Other schema changes are prohibited, because they require data revalidation and such changes can be made through Merge or Map operations.

There are a number of restrictions on changing the schema:

Changing the schema does not necessarily result in changing the contents of the table. For example, changing the strict attribute of the table from false to true requires checking that each row in the table contains only the values related to the columns mentioned in the schema and such a check is equivalent to reading the table completely.
You cannot delete columns if strict = true: there is no way to clear the corresponding value in each row. You cannot add columns if strict = false: when adding a column of a certain type, you cannot be sure that there are no rows in the table that already contain a value corresponding to this column, and this value may already belong to a different data type.
You cannot delete key columns from the middle, because this can potentially violate the sort order.
You cannot enter new computed columns or change the expression or aggregate function of existing columns, because this would require recomputing all rows in the table. But, for example, you can delete the last key columns, because this only weakens the sorting condition for future insertions without changing it for the existing set of rows.
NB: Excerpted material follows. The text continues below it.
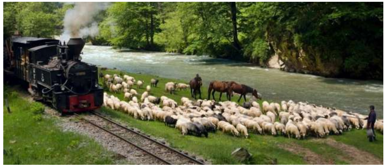
Vișeu de Sus narrow gauge railway, the last of the Carpathian forestry railways in Romania

Some of the treasures of the Carpathian cultural heritage are already used for developing the tourist industry (in a quite sustainable manner) along thematic tourist trails and routes . Many thematic trails in the Carpathian region are building on the tangible cultural heritage, by highlighting traditional wooden architecture, icons, the oil industry, traditional crafts, regional cuisine and local products , each offering its own touristic appeal.

Examples of working with a schema

Reading a schema

CLI

yt --proxy <cluster-name> get //home/tutorial/links_sorted_schematized/@schema

Python

yt.get("//home/tutorial/links_sorted_schematized/@schema")

Creating a table with a schema

CLI

yt --proxy <cluster-name> create table //tmp/table --attributes '{schema = [{name = a; type = int64}; {name = b; type = string}]}'

Python

yt.create_table("//tmp/table", attributes={"schema" : [{"name" : "a", "type" : "int64"}, {"name" : "b", "type" : "string"}]})

C++

auto schemaNode = TNode::CreateList()
  .Add(TNode()("name", "a")("type", "int64"))
  .Add(TNode()("name", "b")("type", "string"));
client->Create(
  "//tmp/table",
  NYT::NT_TABLE,
  TCreateOptions().Attributes(TNode()("schema", schemaNode)));

The schema attribute in RichYPath

You can use the @schema attribute of the path when writing data using the write_table command or at the output of MapReduce operations.

CLI

cat data | yt --proxy <cluster-name> write '<schema=[{name = a; type = int64}; {name = b; type = string}]>//tmp/table'

Setting a schema and changing a format for typified and structured data

CLI

# Enable columnar storage format
yt --proxy <cluster-name> set //tmp/table/@optimize_for scan
# Set a new schema and transfer data to the new storage format
yt --proxy <cluster-name> merge --mode ordered --src //tmp/table --dst '<schema=[{name = a; type = int64; sort_order = ascending}; {name = b; type = string}]>//tmp/table' --spec '{schema_inference_mode = from_output; force_transform = %true}'

There are more automatic solutions:

Run the query INSERT INTO "path/to/somewhere" SELECT * FROM "source/table" via YQL. YQL will try to infer the schema by reading the first row or the first few rows.